**TASK DESCRIPTION:** Every line in the data below from the one containing "Konuşmaların ardından avukatlar" down to the one containing "Μικρή αλλά σαφώς", both included, must be retyped exactly; no other line is to appear.
--- PROVIDED RECORDS Enclosed Below ---
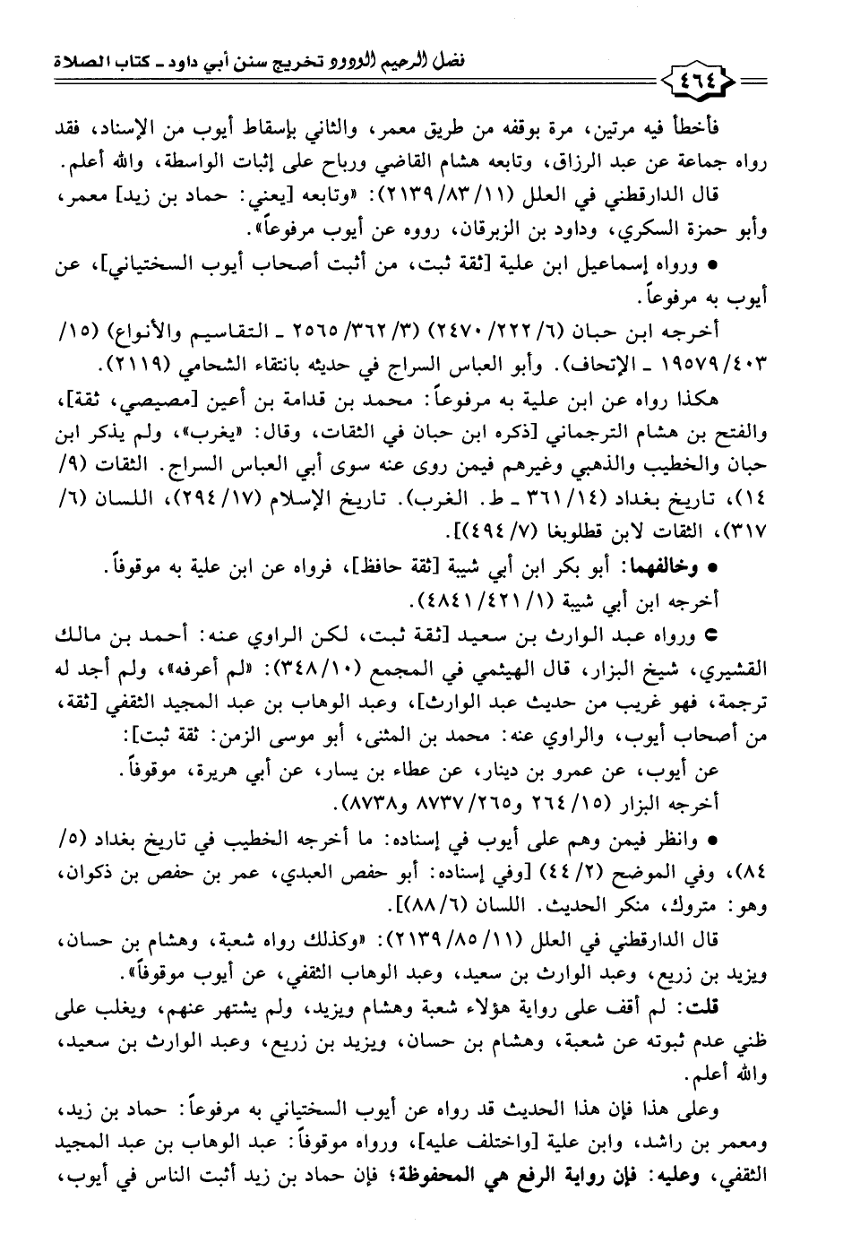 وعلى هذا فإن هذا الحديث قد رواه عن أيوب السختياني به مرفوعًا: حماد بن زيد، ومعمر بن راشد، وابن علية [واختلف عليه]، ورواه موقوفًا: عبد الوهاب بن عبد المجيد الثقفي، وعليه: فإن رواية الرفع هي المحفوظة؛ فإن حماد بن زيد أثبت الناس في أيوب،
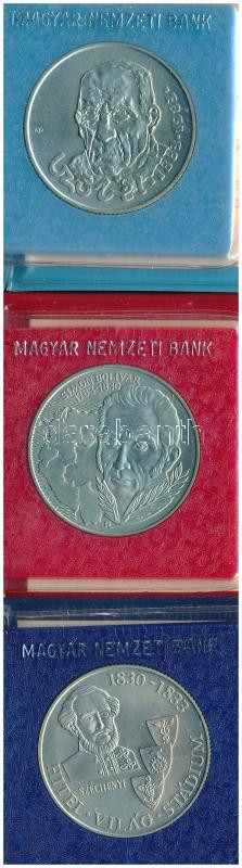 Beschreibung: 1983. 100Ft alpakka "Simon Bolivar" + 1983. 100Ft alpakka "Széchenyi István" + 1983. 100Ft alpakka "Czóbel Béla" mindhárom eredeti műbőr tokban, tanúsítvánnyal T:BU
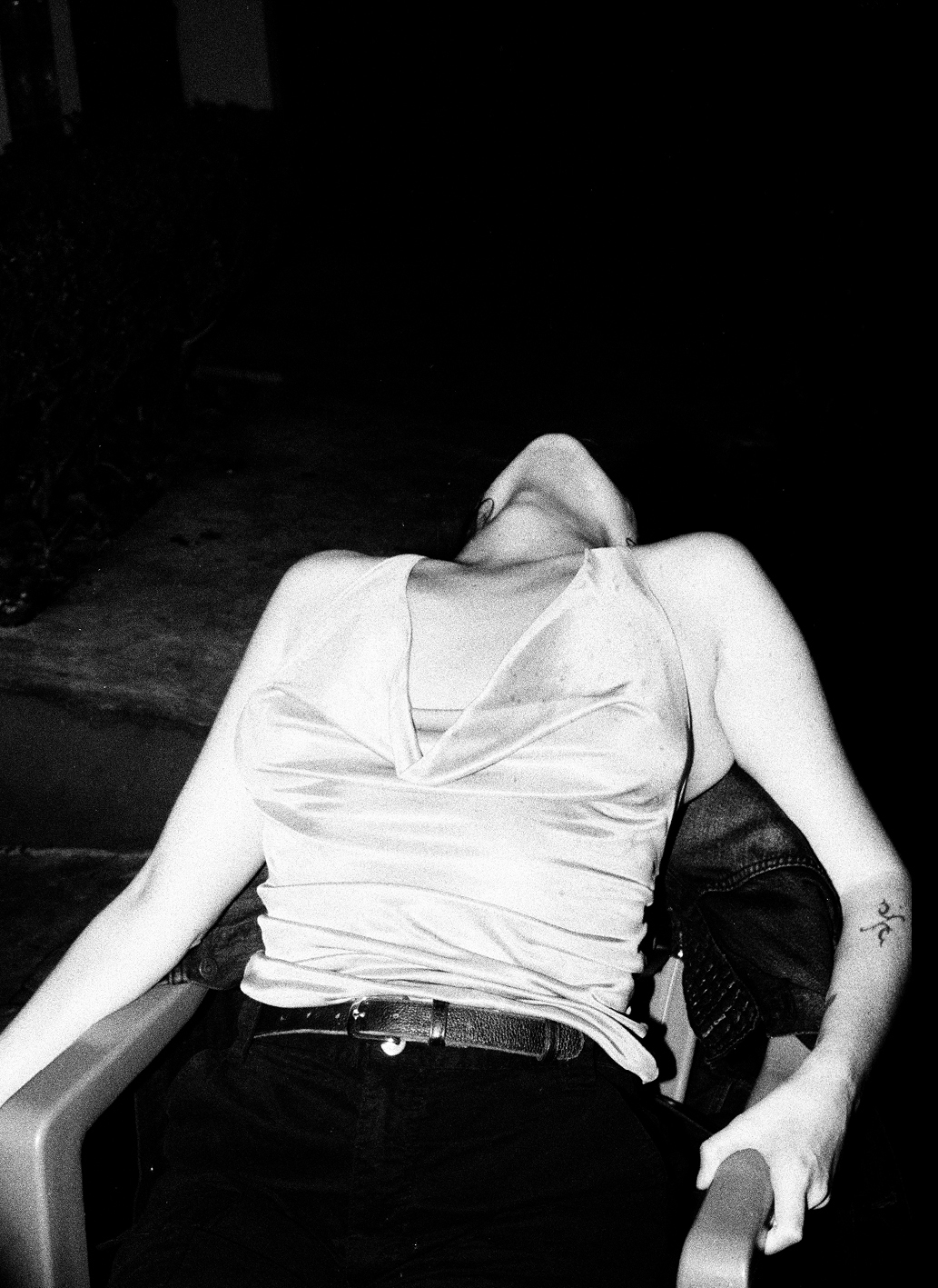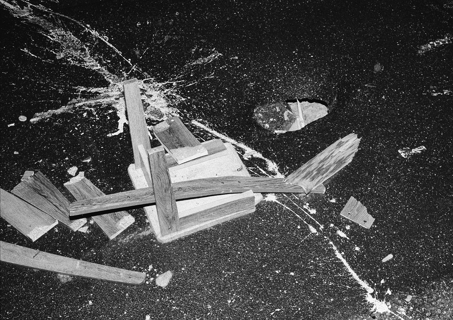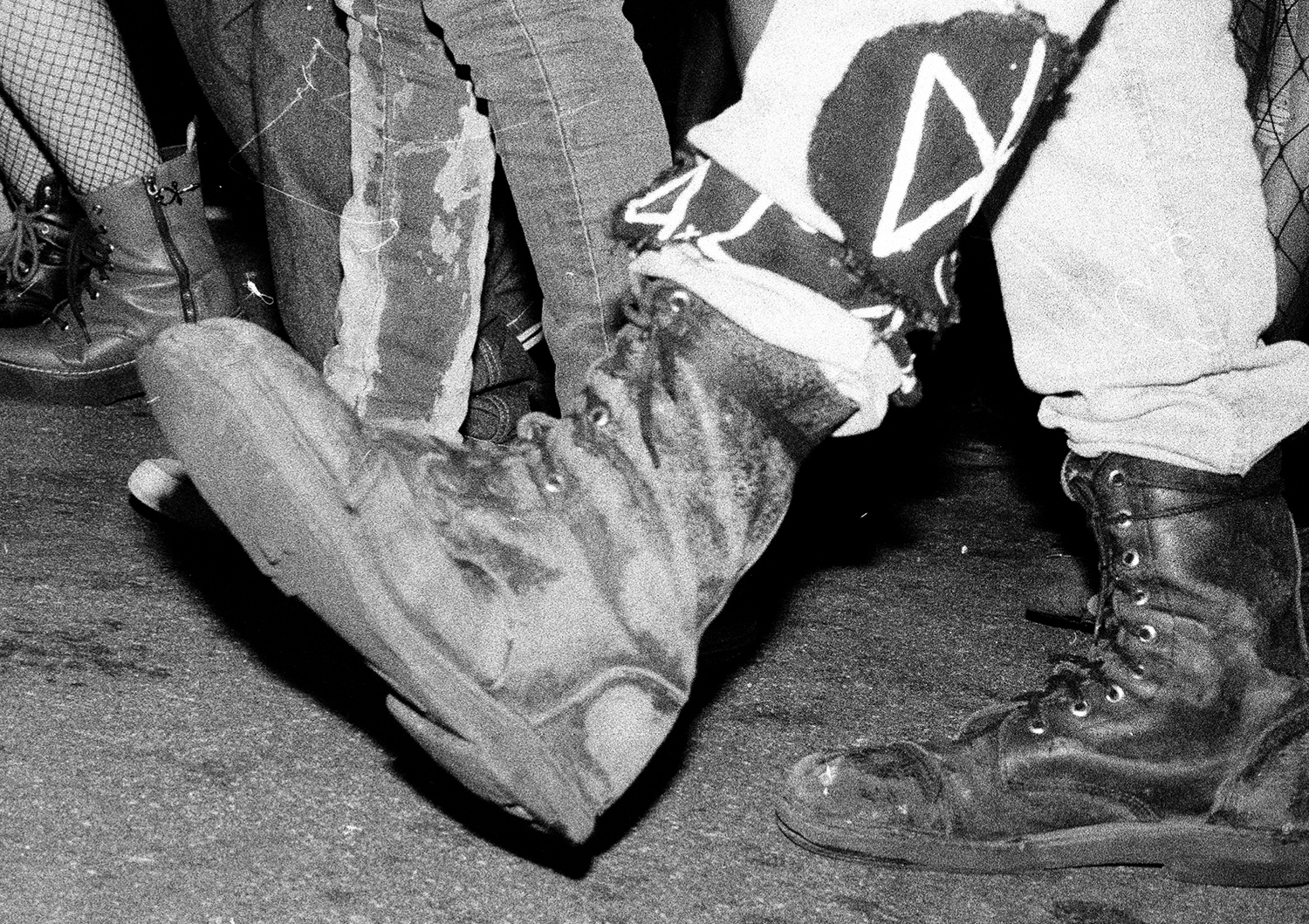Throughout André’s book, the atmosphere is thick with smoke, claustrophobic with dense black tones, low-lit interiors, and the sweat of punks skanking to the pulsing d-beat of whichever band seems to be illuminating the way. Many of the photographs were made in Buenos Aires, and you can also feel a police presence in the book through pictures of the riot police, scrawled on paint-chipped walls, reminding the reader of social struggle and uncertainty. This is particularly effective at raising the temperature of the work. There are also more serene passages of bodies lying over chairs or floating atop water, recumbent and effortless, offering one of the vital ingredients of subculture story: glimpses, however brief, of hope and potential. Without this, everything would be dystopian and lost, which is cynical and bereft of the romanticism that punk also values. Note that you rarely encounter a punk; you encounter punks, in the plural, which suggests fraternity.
--- End of Enclosed PROVIDED RECORDS ---
--- PROVIDED RECORDS Enclosed Below ---
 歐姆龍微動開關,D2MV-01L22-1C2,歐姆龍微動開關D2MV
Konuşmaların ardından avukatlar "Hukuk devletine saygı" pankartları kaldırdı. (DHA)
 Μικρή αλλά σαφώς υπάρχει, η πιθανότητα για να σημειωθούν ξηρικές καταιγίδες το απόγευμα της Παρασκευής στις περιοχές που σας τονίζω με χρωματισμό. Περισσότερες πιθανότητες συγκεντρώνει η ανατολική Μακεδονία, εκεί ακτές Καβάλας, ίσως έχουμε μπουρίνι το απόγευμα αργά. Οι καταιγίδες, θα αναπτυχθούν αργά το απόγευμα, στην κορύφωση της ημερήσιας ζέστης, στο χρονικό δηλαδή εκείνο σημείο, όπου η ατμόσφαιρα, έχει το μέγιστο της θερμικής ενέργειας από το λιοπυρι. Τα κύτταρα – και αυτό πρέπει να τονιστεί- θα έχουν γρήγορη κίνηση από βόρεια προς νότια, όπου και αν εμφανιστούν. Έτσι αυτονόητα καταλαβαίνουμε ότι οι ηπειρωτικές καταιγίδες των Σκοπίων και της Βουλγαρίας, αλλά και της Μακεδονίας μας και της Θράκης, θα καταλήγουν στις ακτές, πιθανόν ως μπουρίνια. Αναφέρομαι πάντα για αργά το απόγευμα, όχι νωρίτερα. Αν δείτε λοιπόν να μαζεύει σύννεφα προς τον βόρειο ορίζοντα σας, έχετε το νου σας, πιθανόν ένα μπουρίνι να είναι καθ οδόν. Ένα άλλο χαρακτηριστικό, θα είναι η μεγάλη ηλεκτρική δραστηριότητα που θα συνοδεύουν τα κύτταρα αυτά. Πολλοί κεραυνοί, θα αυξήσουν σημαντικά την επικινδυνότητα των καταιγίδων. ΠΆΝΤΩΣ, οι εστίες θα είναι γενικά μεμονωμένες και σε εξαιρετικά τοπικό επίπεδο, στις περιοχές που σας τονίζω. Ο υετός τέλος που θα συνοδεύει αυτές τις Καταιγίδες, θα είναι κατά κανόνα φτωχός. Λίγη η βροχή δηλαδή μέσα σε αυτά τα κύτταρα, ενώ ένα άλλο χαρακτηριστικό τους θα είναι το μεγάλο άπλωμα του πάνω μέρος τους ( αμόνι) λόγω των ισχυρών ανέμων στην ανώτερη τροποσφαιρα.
--- End of Enclosed PROVIDED RECORDS ---
--- PROVIDED RECORDS Enclosed Below ---
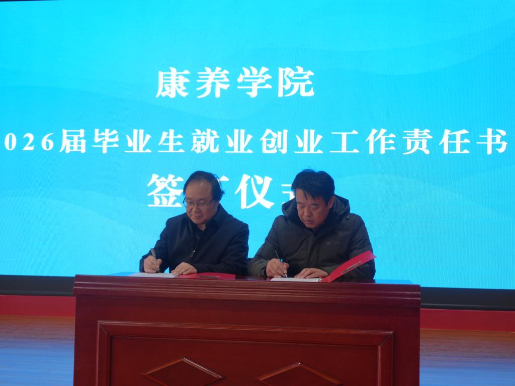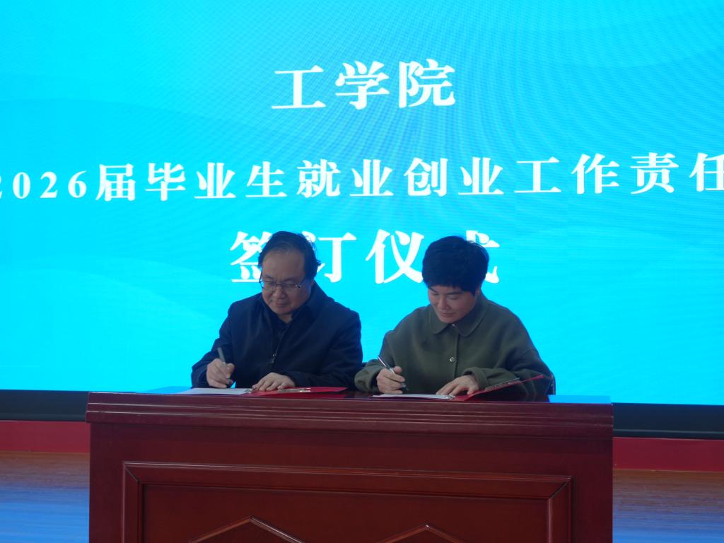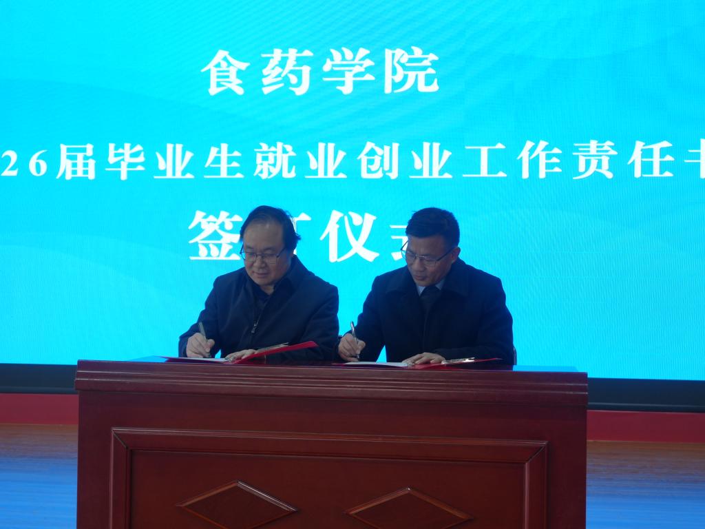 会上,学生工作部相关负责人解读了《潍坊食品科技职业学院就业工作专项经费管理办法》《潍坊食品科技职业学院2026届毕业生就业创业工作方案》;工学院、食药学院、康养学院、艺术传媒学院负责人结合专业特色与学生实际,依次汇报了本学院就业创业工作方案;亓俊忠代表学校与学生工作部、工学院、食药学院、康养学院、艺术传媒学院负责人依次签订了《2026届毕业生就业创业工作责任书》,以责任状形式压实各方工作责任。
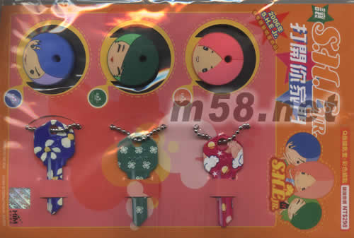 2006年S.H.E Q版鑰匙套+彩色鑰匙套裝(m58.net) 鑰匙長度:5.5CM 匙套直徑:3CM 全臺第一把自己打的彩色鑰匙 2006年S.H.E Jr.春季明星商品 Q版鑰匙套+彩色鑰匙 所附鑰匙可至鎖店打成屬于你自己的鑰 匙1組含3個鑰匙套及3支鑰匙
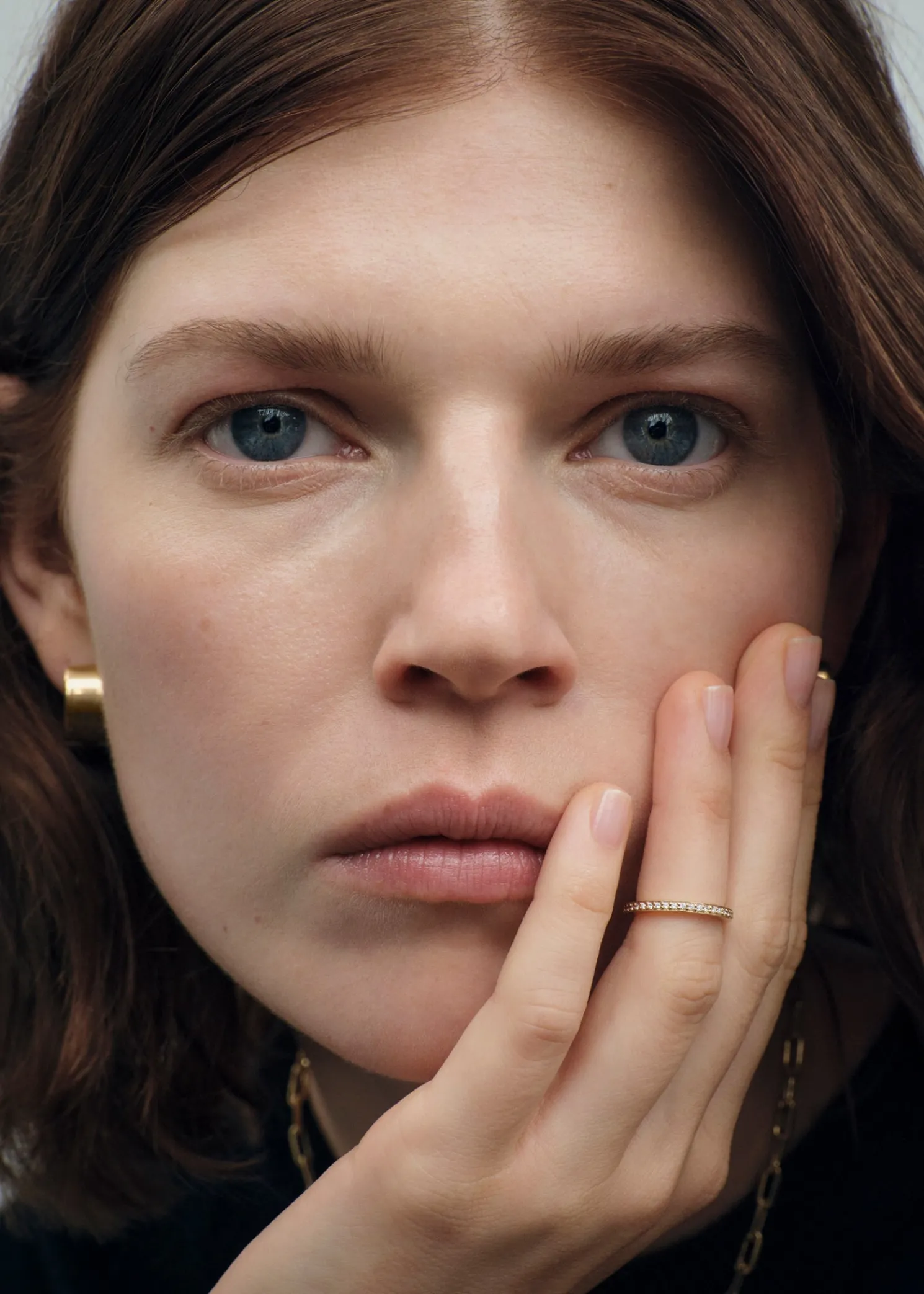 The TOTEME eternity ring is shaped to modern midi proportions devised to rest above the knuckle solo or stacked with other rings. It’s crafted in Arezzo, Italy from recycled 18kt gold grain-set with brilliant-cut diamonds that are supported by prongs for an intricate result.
--- End of Enclosed PROVIDED RECORDS ---
**ANSWER TO THIS EXERCISE:**
Konuşmaların ardından avukatlar "Hukuk devletine saygı" pankartları kaldırdı. (DHA)
 Μικρή αλλά σαφώς υπάρχει, η πιθανότητα για να σημειωθούν ξηρικές καταιγίδες το απόγευμα της Παρασκευής στις περιοχές που σας τονίζω με χρωματισμό. Περισσότερες πιθανότητες συγκεντρώνει η ανατολική Μακεδονία, εκεί ακτές Καβάλας, ίσως έχουμε μπουρίνι το απόγευμα αργά. Οι καταιγίδες, θα αναπτυχθούν αργά το απόγευμα, στην κορύφωση της ημερήσιας ζέστης, στο χρονικό δηλαδή εκείνο σημείο, όπου η ατμόσφαιρα, έχει το μέγιστο της θερμικής ενέργειας από το λιοπυρι. Τα κύτταρα – και αυτό πρέπει να τονιστεί- θα έχουν γρήγορη κίνηση από βόρεια προς νότια, όπου και αν εμφανιστούν. Έτσι αυτονόητα καταλαβαίνουμε ότι οι ηπειρωτικές καταιγίδες των Σκοπίων και της Βουλγαρίας, αλλά και της Μακεδονίας μας και της Θράκης, θα καταλήγουν στις ακτές, πιθανόν ως μπουρίνια. Αναφέρομαι πάντα για αργά το απόγευμα, όχι νωρίτερα. Αν δείτε λοιπόν να μαζεύει σύννεφα προς τον βόρειο ορίζοντα σας, έχετε το νου σας, πιθανόν ένα μπουρίνι να είναι καθ οδόν. Ένα άλλο χαρακτηριστικό, θα είναι η μεγάλη ηλεκτρική δραστηριότητα που θα συνοδεύουν τα κύτταρα αυτά. Πολλοί κεραυνοί, θα αυξήσουν σημαντικά την επικινδυνότητα των καταιγίδων. ΠΆΝΤΩΣ, οι εστίες θα είναι γενικά μεμονωμένες και σε εξαιρετικά τοπικό επίπεδο, στις περιοχές που σας τονίζω. Ο υετός τέλος που θα συνοδεύει αυτές τις Καταιγίδες, θα είναι κατά κανόνα φτωχός. Λίγη η βροχή δηλαδή μέσα σε αυτά τα κύτταρα, ενώ ένα άλλο χαρακτηριστικό τους θα είναι το μεγάλο άπλωμα του πάνω μέρος τους ( αμόνι) λόγω των ισχυρών ανέμων στην ανώτερη τροποσφαιρα.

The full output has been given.